Creflo Dollar’s recent message is considerably different from how it is being portrayed in the press which is only pointing to his belief that tithing is not part of the New Testament Church. I believe this is largely related to his emphasis on shock value instead of the heart of his message. After a complete review, I believe the central theme should be, “Giving is a declaration of God’s ability to take care of you.” If that had been the headline, the message would have been far more valuable to the Body of Christ.

I will include links below for the Message and a few news articles.


I understand and applaud Creflo’s effort to distance himself from some of his past teachings, which were clearly manipulative. He is a talented and dynamic speaker, but, at least in this case, his hermeneutic and rhetoric leaves much to be desired.

Here are a few quick things I would have liked to have seen him do differently:


His explanation of grace and law is superficial and incomplete.

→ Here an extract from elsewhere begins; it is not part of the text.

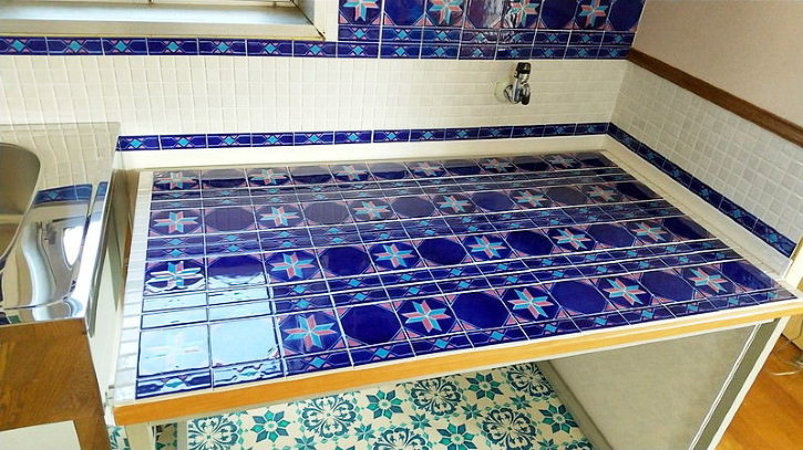昨年から実家の自力リフォームを続けています。 丸ごとアトリエ化計画は2階が終わり、いよいよキッチン!!築48年キッチンは。。。なんとも古い。。。 取り外しと簡単な下地作りは大工さんに依頼。 シンクのステンレスは鉄くず回収に、他は自力で解体してゴミ処理場へ持参。 壁は、キッチンパネルとタイルを貼りつけました。 キッチンパネルはホームセンターで購入。サイズに合わせて有料でカットもしてくれます。 タイルは勿論、タイルライフさんで購入。2種類使いでデザインの変化をつけました。 使わなくなった子供の机にタイルを貼りガス台に。 自粛生活が続きますが、大好きなDIYの時間が取れたとポジテイブに!! ただ、ホームセンターが通常より混んでいるので、買い足しに行けません。材料不足にならないように、無駄のない作業を心掛けました。 これもかえって良い事かもしれません。 コロナの終息を願いながら、次はリビングのDIYへ!!

As is often the case in contemporary culture, the emphasis is on God’s grace in our salvation, rather than grace in our living out the expectations of the Spirit. Romans 5-8 are really addressing the latter. His use of this passage in this message is out of context and misleading. In context the passage discusses our struggle to overcome temptation to sin, which is only possible though the power of grace.


Dollar makes several arguments from silence concerning what Jesus / Paul did NOT say. If we accept this as reasonable rhetoric, then we must also accept progressive/liberal arguments that Jesus said nothing about homosexuality or fill in the blank. Was all of that only “under the old law” as well? Certainly not! See Romans 1 for starters.


Dollar argues that in Mt 23:23, Jesus was speaking as an OT prophet and, therefore, his commendation of tithing is unimportant to us today. If so, why is it a part of the church record? Why didn’t he clarify he was overriding it as he did with Peter and his vision of the sheet, or with Paul on circumcision? This argument is very similar to those I hear/read from modern day cheap grace “preachers” who submit that all the Second Testament was written for sinners, not saints. If we’re saved, we can just ignore it. Or so the argument goes. “Love Wins”. This is not a faithful rendering of the passage and it flies in the face of 2,000 years of Church History.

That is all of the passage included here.